Sonstiges

der Replikator naht

Replikator sind doch die Teile, mit deren Hilfe sich zB Jean-Luc Picard seinen berühmten Earl Grey Tee machen lässt. Burkhard schreibt, dass möglicherweise die Einführung von 3D-Druckern nicht mehr so weit weg erscheint.

Was macht so ein Teil? Es stellt Dinge her. Ne, wirklich, kein Joke. Siehe Video auf CNN. Man kann wirklich nur erahnen, was das bedeutet. Ich denke da an Theater -> Kino -> Fernsehen -> Videorekorder. Wird es also irgendwann heißen Produktionsfirma -> Handel -> Konsument wird zu Konsument = Produktionsfirma = Handel? Unbelievable. Klar, ich erwarte nicht, dass man eines Tages ein eigenes Auto herstellen kann, aber einfache Dinge des alltäglichen Gebrauchs möglicherweise schon. Und die Zulieferer werden dann eben nicht mehr die Produktionsfirmen beliefern, sondern die Kunden als Prosumer direkt? Mass customization im Exzess? Keine Ahnung, keine Ahnung. Technik und Innovation wird sich nicht im Jetzt aufhalten lassen. Produktion 2.0? Müssen ganze wirtschaftswissenschaftliche Werke neu geschrieben werden? Hier der Blick in eine mögliche Zukunft.


Vernetze dich mit uns!

Like uns auf Facebook oder folge uns bei Twitter


Über den Autor

Robert Basic

Robert Basic ist Namensgeber und Gründer von BASIC thinking und hat die Seite 2009 abgegeben. Von 2004 bis 2009 hat er über 12.000 Artikel hier veröffentlicht.

13 Kommentare

  • Also da stößt man schon fast an die Grenzen der Vorstellungskraft. Diese Welt kann nicht mehr lange stehen. Irgendwan werden wir uns unsere Mitmenschen scannen und mit irgendeinem Gerät in die Realität umsetzen. Da muss man sich natürlich fragen wieviel noch gut ist.
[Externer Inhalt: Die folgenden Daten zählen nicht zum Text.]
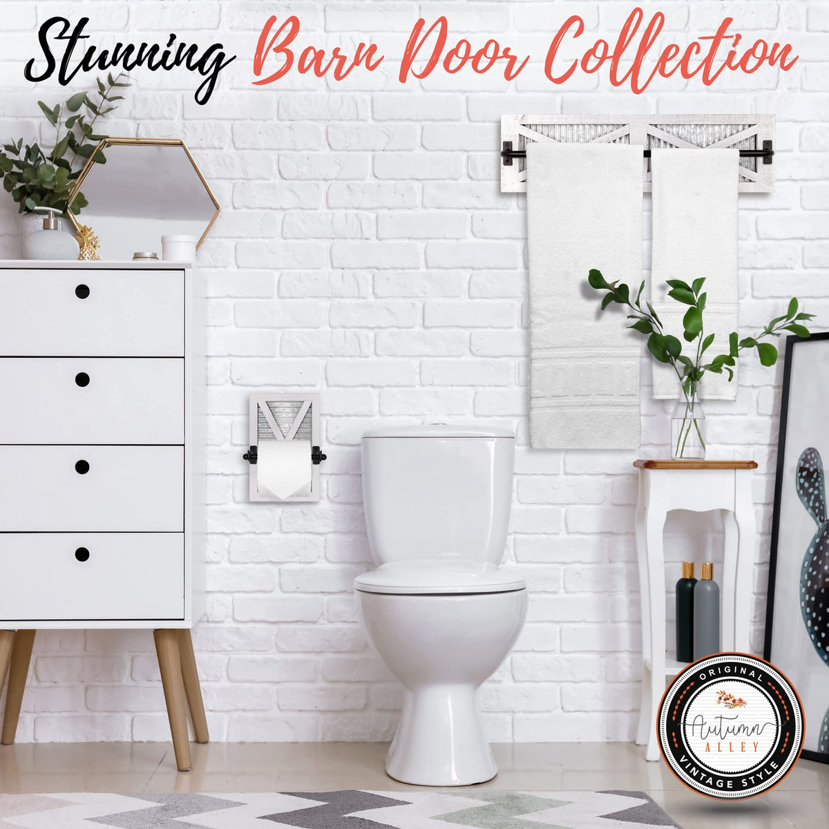 • Q: Are there other coordinating pieces available from Autumn Alley? A: Yes, Autumn Alley offers a variety of coordinating farmhouse bathroom accessories within their Barn Door Bathroom Decor line to complete your rustic decor.

  • Ich krieg den CNN-Beitrag bei mir leider net angezeigt, aber der Rest dreht sich ja ’nur‘ um 3D-Drucker, und die sind noch weit davon entfernt, Captain Picards Tee zu synthetisieren.
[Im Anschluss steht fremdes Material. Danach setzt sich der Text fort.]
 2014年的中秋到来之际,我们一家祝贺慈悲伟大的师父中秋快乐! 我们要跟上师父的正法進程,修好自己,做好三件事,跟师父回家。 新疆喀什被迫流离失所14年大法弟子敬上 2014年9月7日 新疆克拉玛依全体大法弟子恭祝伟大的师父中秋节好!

    Problem ist die große Lücke zwischen den plump bildhauenden 3D-Druckern als top-down-Approach und dem mühseligen Atome-Verschieben als bottom-up-Approach. Für das Dazwischen brauchen wir Nanofabriken à la Eric Drexler, die in großer Quantität und Geschwindigkeit aus bestimmten Atomen bestimmte Moleküle zusammenbasteln und zu noch größeren komplexen Gebilden zielgenau zusammensetzen können.
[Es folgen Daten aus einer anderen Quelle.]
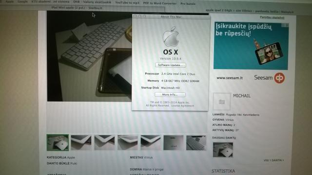 Specifikacijos: 2.4ghz Intel core 2 duo 4gb ram 500gb hdd. Geforce 8600m gt LED matinis ekranas. Baterija nesenai keista laiko apie 2.5val. Pridedu orginalu pakroveja. Irasyta naujausia os x 10.10. Turi pabraizymu, bet nebaisiai. Apacia pabraizyta labiau.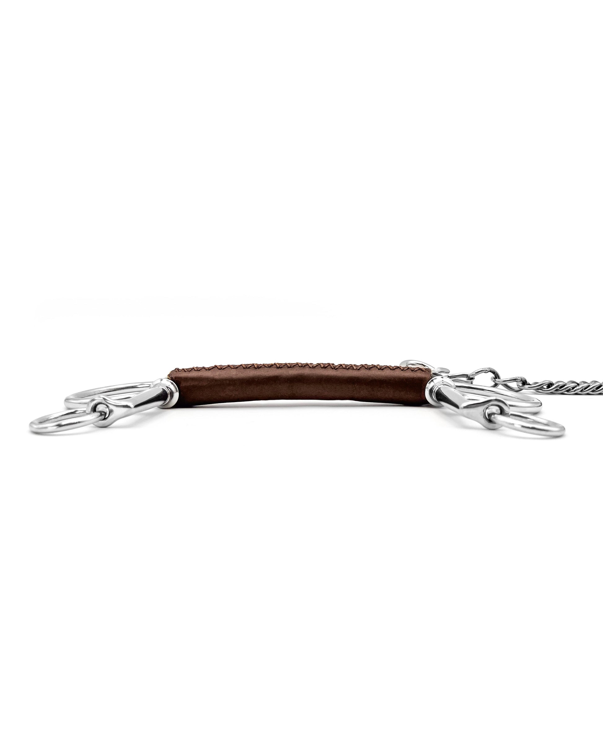 Fager's leather bits are handmade to offer the best quality possible. The leather is stitched by hand around a wire that's covered with nylon. This assures you that in case of an accident, the horse will not get hurt by the wire in the middle. The wire isn't only to keep you and your horse safe, it also keeps the shape of the bit.

    Soweit sind wir leider noch nicht. Aber wenn wir einmal soweit sind, well, dann könnte die Industrielle Revolution wie ein Mückenstich gegen die ökonomischen Umwälzungen aussehen, die da kommen werden.

  • Naja, ist nicht ganz so wild, wie s auf den ersten Blick aussieht. Man kann damit nur Teile ohne Funktion herstellen. Man könnte damit z.B. vielleicht eines Tages einen Schraubendreher herstellen, aber keine Bohrmaschine. Gegenstände, die aus mehreren Teilen zusammengesetzt sind, bleiben bei dieser Herstellungsmethode erstmal aussen vor. natürlich könnte man sämtliche Teile eines solchen komplexen Gerätes durch so einen Drucker herstellen, aber dann müsste das Gerät immer noch zusammengebaut werden.

    Was allerdings vielleicht möglich sein wird, ist der Bau sogenannter Nanomaschinen durch so einen Drucker. Und das wiederum könnte sich in Zukunft als extrem interessant erweisen.

    Für den Privatkunden könnte vielleicht folgendes Scenario interessant werden: Nehmen wir an, er hat sein Handy fallen gelassen, und die Batteriefachabdeckung ist kaputt gegangen. Dann muß er nicht zum T-Center, um eine neue Batteriefachabdeckung zu bestellen, und dann wochenlang warten, bis sie endlich da ist. Stattdessen geht er ins Internet, lädt sich die entsprechende Druckerdatei und druckt sich die Batteriefachabdeckung mal eben selber.

  • @all: Video geht bei mir auch nicht.

    Ich sehe schon die geknackten Definitionsfiles für Gegenstände in den Tauschbörsen. Statt Musik schiebt man sich dann Vasen-, Tassen- oder andere Designs zu.

    Es gibt auch schon Metalldrucker. War ein Beitrag auf dem Discovery Channel. Damit kann man echt heisse Sachen machen, allerdings muss man noch etwas Nachbearbeiten zum Schluss.

  • Ohne jetzt die Quellen gelesen zu haben: Kostet sowas nicht unglaublich viel Energie?

    Sowas hatte ich mal übers Beamen gelesen. Dass man derzeit schon Kleinstteile über Kleinstentfernungen beamen kann, dass es aber extrem viel Energie kostet.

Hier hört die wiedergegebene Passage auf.